● YOUR TASK
Which lines below fall between the one containing "Ontario’s Greensville Women’s" and the one containing "USER GUIDE New"? Repeat them exactly, counting both of those lines, and add nothing else.

● DATASET ENTRIES
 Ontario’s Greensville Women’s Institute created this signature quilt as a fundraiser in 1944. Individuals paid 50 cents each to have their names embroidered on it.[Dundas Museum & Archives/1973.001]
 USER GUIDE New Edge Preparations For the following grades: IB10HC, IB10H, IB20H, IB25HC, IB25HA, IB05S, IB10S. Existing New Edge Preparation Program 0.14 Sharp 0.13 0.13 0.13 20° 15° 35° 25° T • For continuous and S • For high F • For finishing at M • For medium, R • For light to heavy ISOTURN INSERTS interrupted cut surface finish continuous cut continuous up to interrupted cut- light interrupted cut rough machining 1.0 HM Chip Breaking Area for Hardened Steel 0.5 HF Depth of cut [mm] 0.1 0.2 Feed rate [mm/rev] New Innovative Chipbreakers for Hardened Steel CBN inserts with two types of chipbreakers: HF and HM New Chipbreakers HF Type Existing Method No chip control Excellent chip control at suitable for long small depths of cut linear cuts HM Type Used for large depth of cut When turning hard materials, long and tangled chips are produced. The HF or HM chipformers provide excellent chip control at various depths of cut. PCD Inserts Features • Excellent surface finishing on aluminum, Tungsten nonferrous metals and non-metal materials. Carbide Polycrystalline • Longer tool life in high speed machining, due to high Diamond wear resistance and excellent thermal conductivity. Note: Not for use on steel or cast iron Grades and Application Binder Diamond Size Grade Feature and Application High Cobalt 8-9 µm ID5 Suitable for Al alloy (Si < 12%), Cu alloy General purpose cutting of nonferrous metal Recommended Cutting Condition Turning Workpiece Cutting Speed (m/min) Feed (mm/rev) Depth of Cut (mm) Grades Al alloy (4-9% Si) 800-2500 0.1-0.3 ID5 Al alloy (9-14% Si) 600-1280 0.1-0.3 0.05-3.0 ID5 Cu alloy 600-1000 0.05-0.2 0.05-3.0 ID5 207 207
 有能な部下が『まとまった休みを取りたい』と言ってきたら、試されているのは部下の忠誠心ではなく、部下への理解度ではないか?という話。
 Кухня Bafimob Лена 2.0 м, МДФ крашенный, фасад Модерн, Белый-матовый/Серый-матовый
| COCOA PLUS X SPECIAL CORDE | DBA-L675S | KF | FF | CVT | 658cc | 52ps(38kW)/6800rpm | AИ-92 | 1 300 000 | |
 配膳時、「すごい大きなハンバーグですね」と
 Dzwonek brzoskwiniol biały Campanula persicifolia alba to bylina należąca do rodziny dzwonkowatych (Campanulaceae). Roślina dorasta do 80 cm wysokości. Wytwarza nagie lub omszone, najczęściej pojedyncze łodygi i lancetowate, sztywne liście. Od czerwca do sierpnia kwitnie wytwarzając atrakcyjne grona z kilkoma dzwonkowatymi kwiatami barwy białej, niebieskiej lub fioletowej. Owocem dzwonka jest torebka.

---

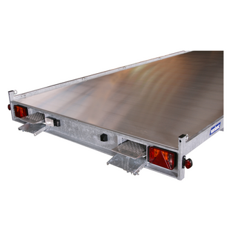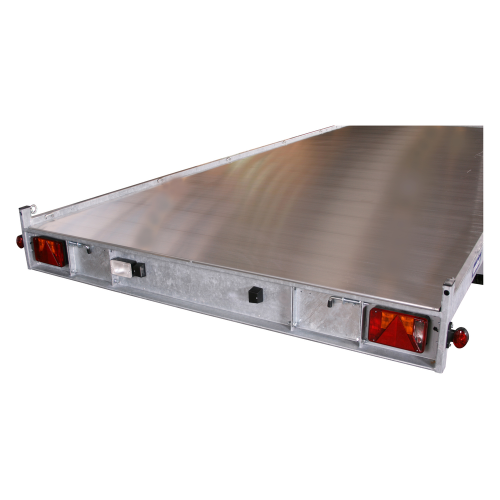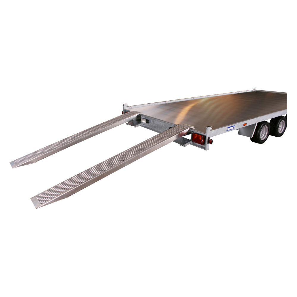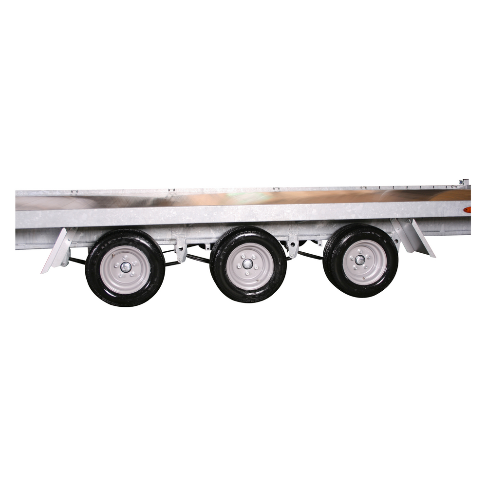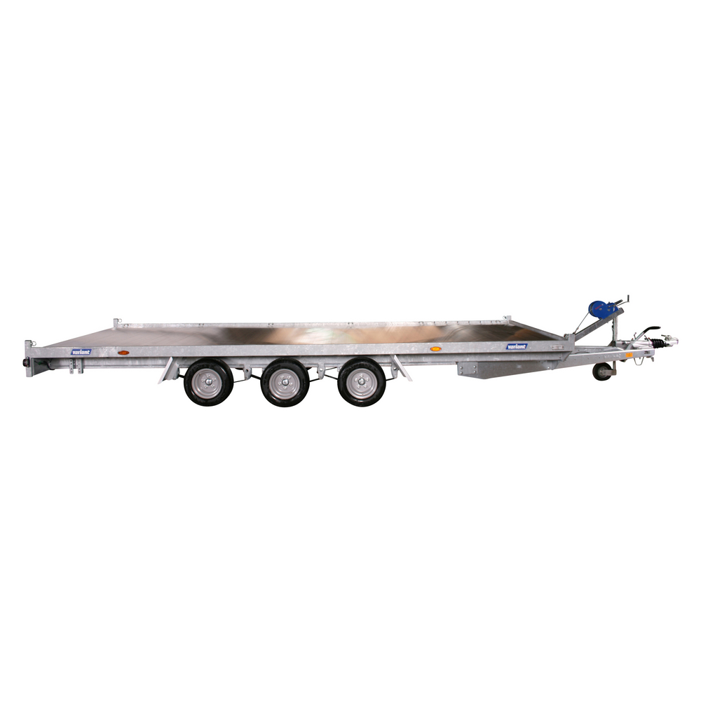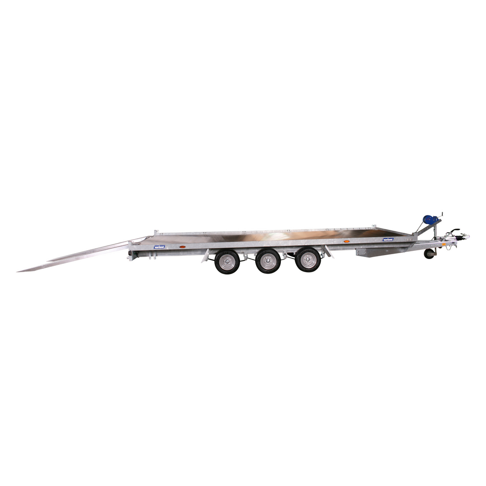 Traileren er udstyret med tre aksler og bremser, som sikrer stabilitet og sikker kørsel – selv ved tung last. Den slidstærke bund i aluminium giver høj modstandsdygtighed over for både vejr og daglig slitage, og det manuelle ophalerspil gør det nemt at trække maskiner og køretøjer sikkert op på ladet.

● THE COMPLETED TASK
 Ontario’s Greensville Women’s Institute created this signature quilt as a fundraiser in 1944. Individuals paid 50 cents each to have their names embroidered on it.[Dundas Museum & Archives/1973.001]
 USER GUIDE New Edge Preparations For the following grades: IB10HC, IB10H, IB20H, IB25HC, IB25HA, IB05S, IB10S. Existing New Edge Preparation Program 0.14 Sharp 0.13 0.13 0.13 20° 15° 35° 25° T • For continuous and S • For high F • For finishing at M • For medium, R • For light to heavy ISOTURN INSERTS interrupted cut surface finish continuous cut continuous up to interrupted cut- light interrupted cut rough machining 1.0 HM Chip Breaking Area for Hardened Steel 0.5 HF Depth of cut [mm] 0.1 0.2 Feed rate [mm/rev] New Innovative Chipbreakers for Hardened Steel CBN inserts with two types of chipbreakers: HF and HM New Chipbreakers HF Type Existing Method No chip control Excellent chip control at suitable for long small depths of cut linear cuts HM Type Used for large depth of cut When turning hard materials, long and tangled chips are produced. The HF or HM chipformers provide excellent chip control at various depths of cut. PCD Inserts Features • Excellent surface finishing on aluminum, Tungsten nonferrous metals and non-metal materials. Carbide Polycrystalline • Longer tool life in high speed machining, due to high Diamond wear resistance and excellent thermal conductivity. Note: Not for use on steel or cast iron Grades and Application Binder Diamond Size Grade Feature and Application High Cobalt 8-9 µm ID5 Suitable for Al alloy (Si < 12%), Cu alloy General purpose cutting of nonferrous metal Recommended Cutting Condition Turning Workpiece Cutting Speed (m/min) Feed (mm/rev) Depth of Cut (mm) Grades Al alloy (4-9% Si) 800-2500 0.1-0.3 ID5 Al alloy (9-14% Si) 600-1280 0.1-0.3 0.05-3.0 ID5 Cu alloy 600-1000 0.05-0.2 0.05-3.0 ID5 207 207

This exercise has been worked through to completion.